In this blog, I will discuss about the easiest way to run Hive script file without Oozie or other Hadoop tools.
Nowadays companies are moving from Traditional Hadoop vendors like Cloudera, MapR, and Hortonworks to Cloud Solution providers like AWS, GCP, etc. because it simplifies the steps involved in the data processing.
The following are easier way to execute the Script file through AWS.
Create a cluster with Step:
Note: Auto-terminate cluster option is also available for Script file
After adding Script in Steps:
Next, proceed with the required hardware, general cluster settings, and security pages. Then create the cluster.
If you are already running a cluster and want to run the script file, again you can add a step in the running cluster.

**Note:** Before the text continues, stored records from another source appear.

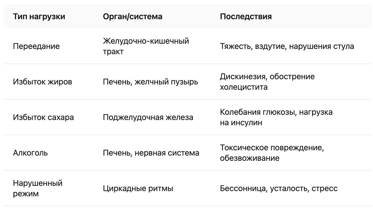 Новогодние праздники традиционно сопровождаются обильным застольем, которое растягивается на несколько дней. Калорийность праздничного стола может превышать обычную дневную норму в два-три раза, а то и больше. Тяжёлые салаты с майонезом, жареные блюда, копчёности, десерты с кремом — всё это создаёт колоссальную нагрузку на желудочно-кишечный тракт и печень.
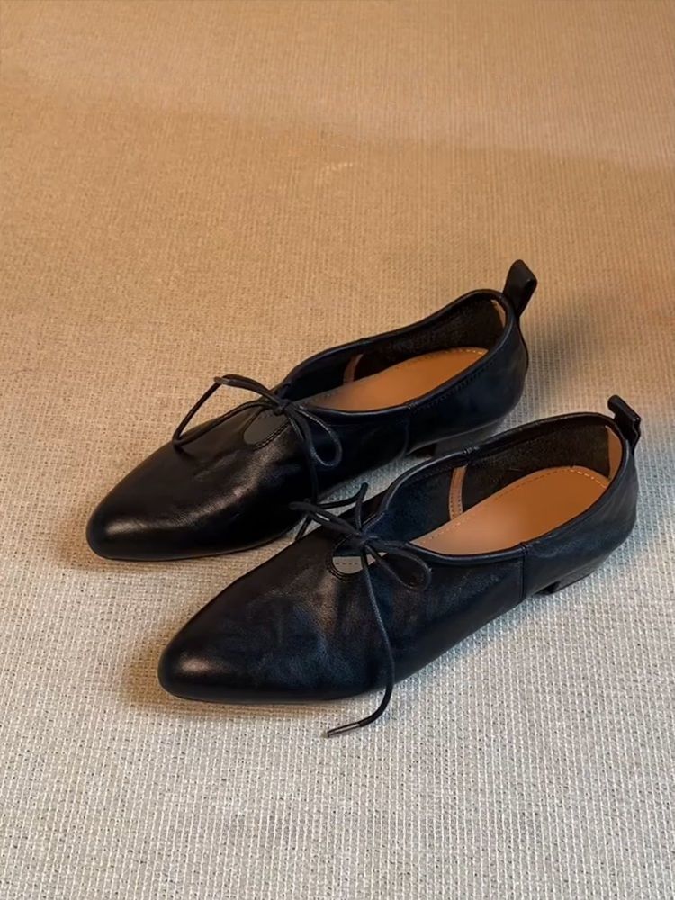 여성을위한 부드러운 가죽 프랑스어 뾰족한 작은 가죽 신발 여름을위한 새로운 부드러운 표면 낮은 굽 마녀 신발 편안한 틈새 발레 신발
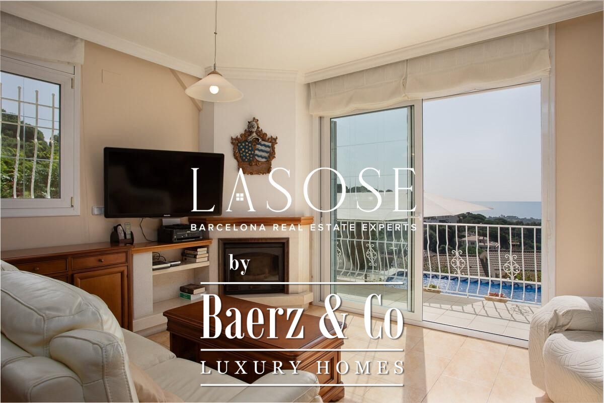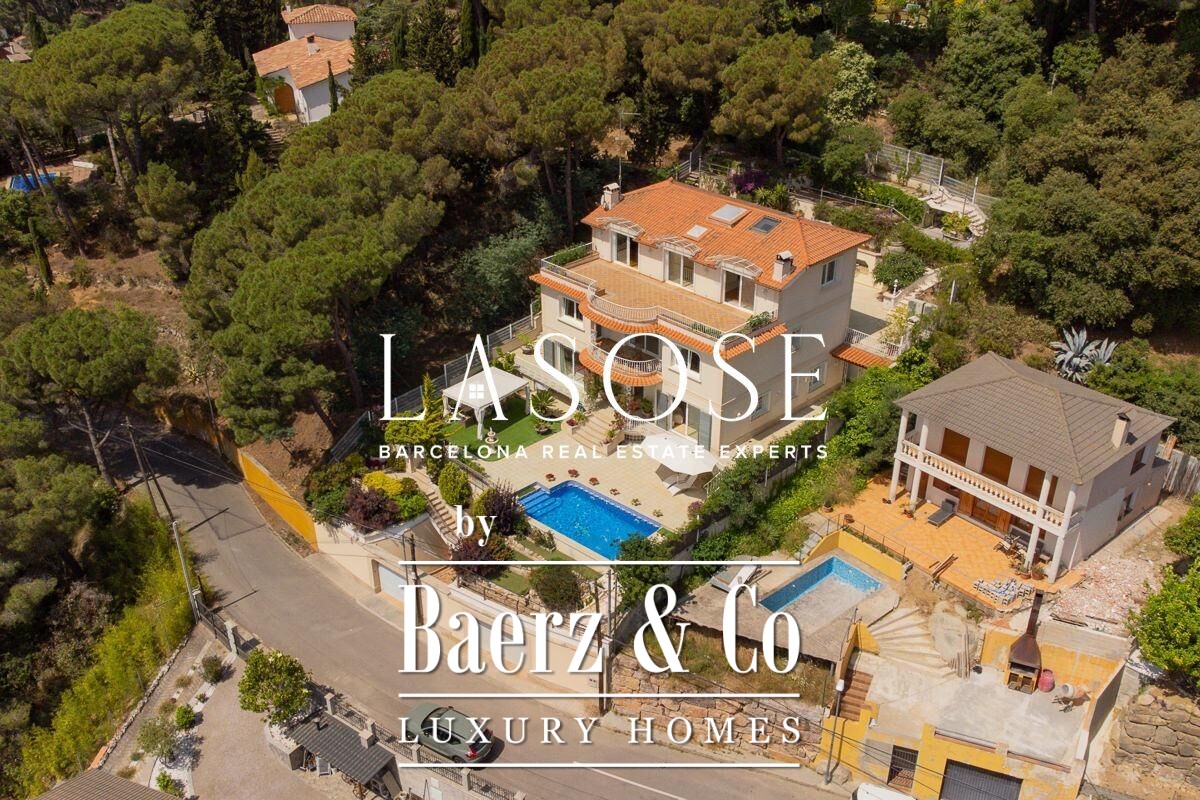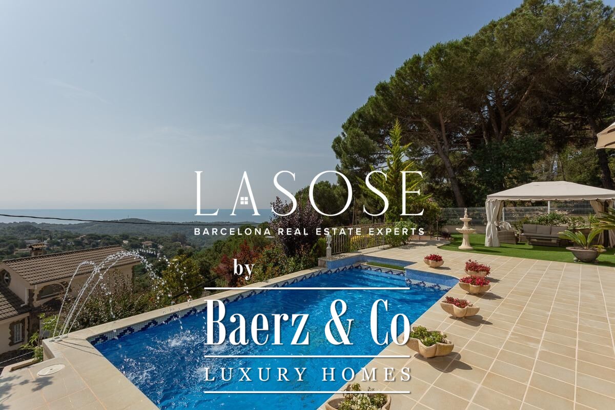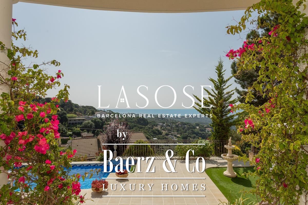 The home’s amenities are considered and complete: air conditioning, ducted heating and radiators, aluminum electric blinds, and a five-car garage. Outdoor spaces include a pool with pergola, barbecue, and garden, all oriented to maximize sea views and natural light. Located minutes from the beaches and vibrant marina of Arenys de Mar, with Barcelona accessible in forty minutes, this villa places quality of life and discretion at the forefront.
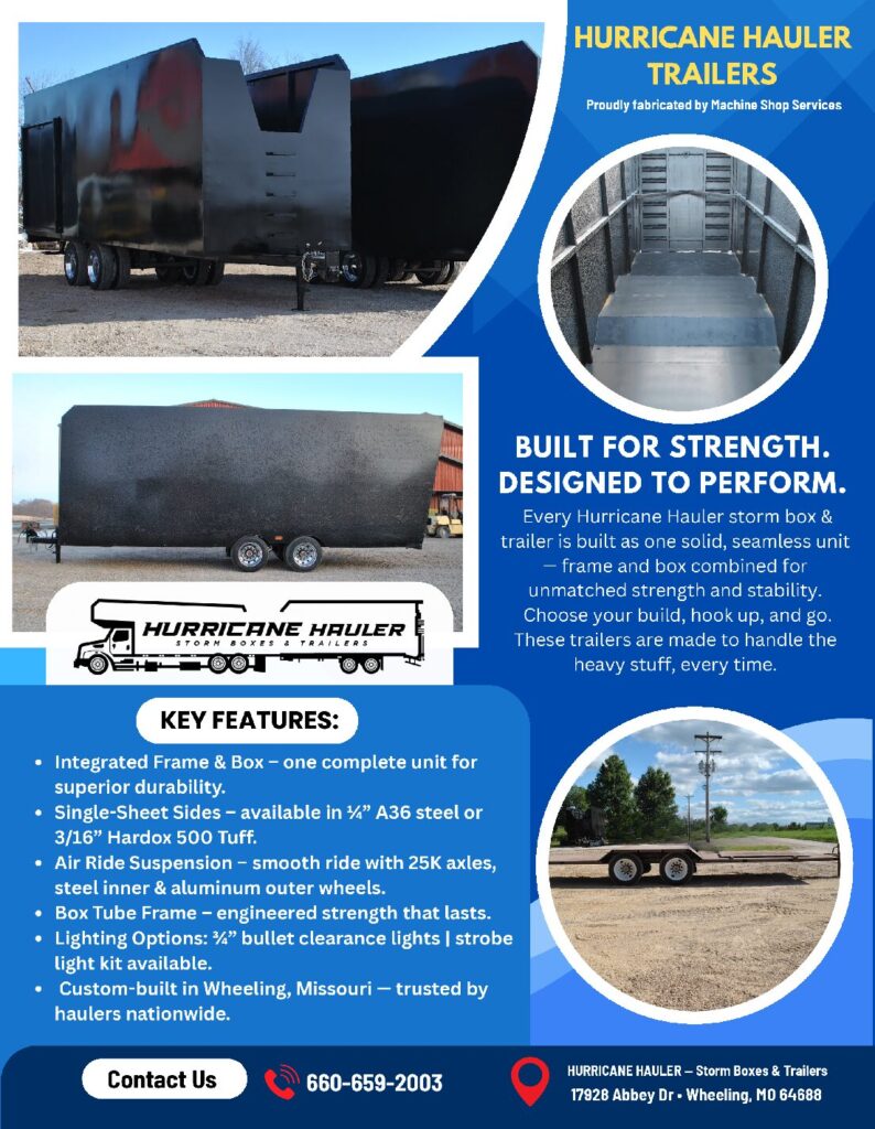 Hurricane Hauler is built on years of hands-on fabrication experience through Machine Shop Services, a trusted local shop serving the area with custom metal work and repairs. The team saw a need for storm boxes and trailers that were built tougher, lasted longer, and fit right — and Hurricane Hauler was born. Every unit is built as one seamless piece, with the frame and box combined for added strength and stability.
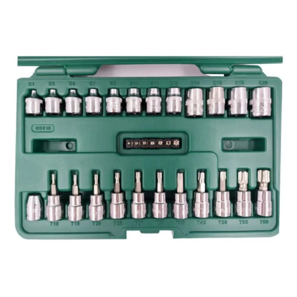Jogo de Soquetes e Chaves E-Torx – 3/8 e 1/4 pol. – 35 Peças – SATA-ST09010SJ
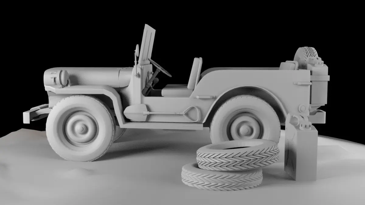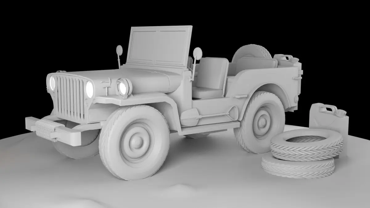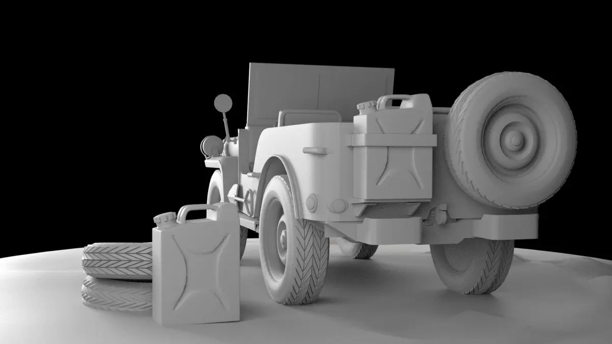 3d jeep model made in autodesk maya. Model is low poly and uv are unwrapped. Textured as a old version.There is aso Gas can made and some tyres are kept there.
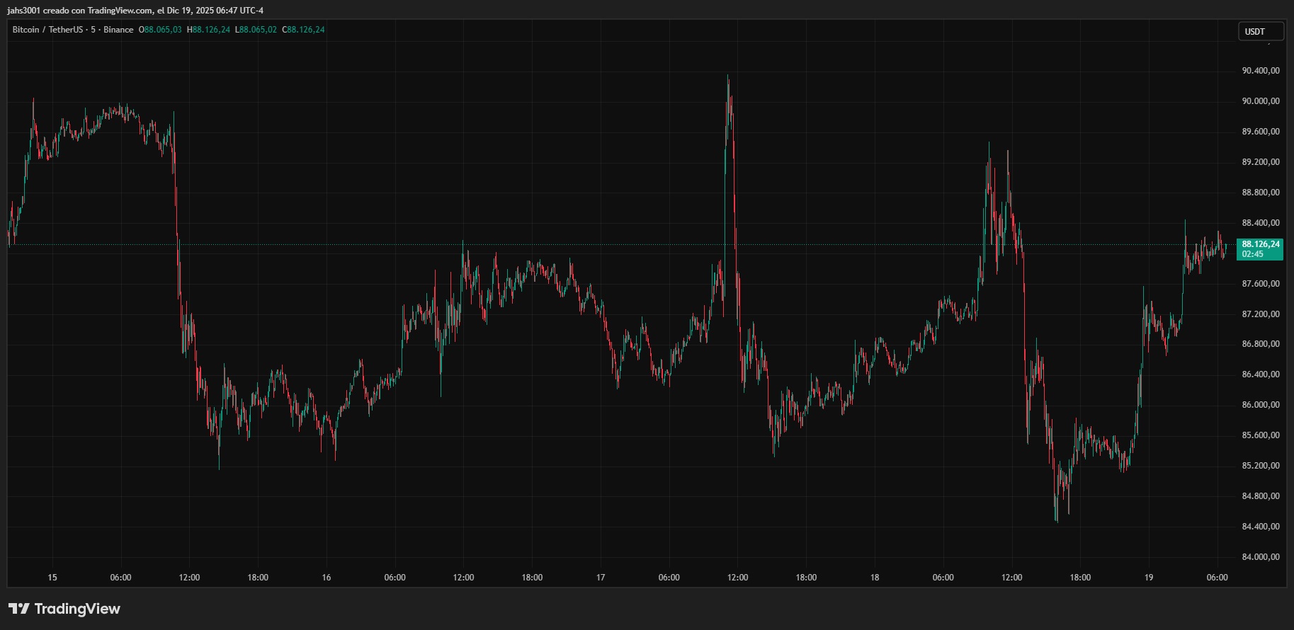Actualmente, la moneda digital lucha por consolidarse sobre niveles de USD 88.200, según la Calculadora de Precios de CriptoNoticias. Ello, mientras el mercado asimila las implicaciones de una FED potencialmente menos restrictiva.

Listed are the steps to run the Script file after cluster creation:-
- Upload the Script file in the AWS S3 location.
- Start your AWS EMR cluster with the necessary configuration.
- Enter the cluster and navigate to Steps Menu.
- Click on add Stepsoption and follow the steps below,
- In the Step, type choose Hive program
- In the Script S3 location, select the exact Script file location
- Now click on the Add button.
- The step starts running and gives the desired output.
Once after completion of the step, you can refer the execution in the log file called stderr
- It is only a single time file upload into S3.
- No need to add steps every time to the newly created cluster. We can simply clone the existing or terminated clusters, in which the step was added already. This reduces a lot of steps involved in running a Hive Script shell.
- The cluster can be set to terminate automatically, once after completion of the Step. This reduces the unnecessary runtime of the cluster and reduces the cost.
- We can copy the AWS CLI export and run it to clone the cluster easily.
Through these simple steps,
- we can surpass the script file upload into HDFS each and every time we create a new EMR cluster.
- We can skip creating Oozie workflow and running it.
- We can skip above mentioned steps each and every time while creating the Cluster.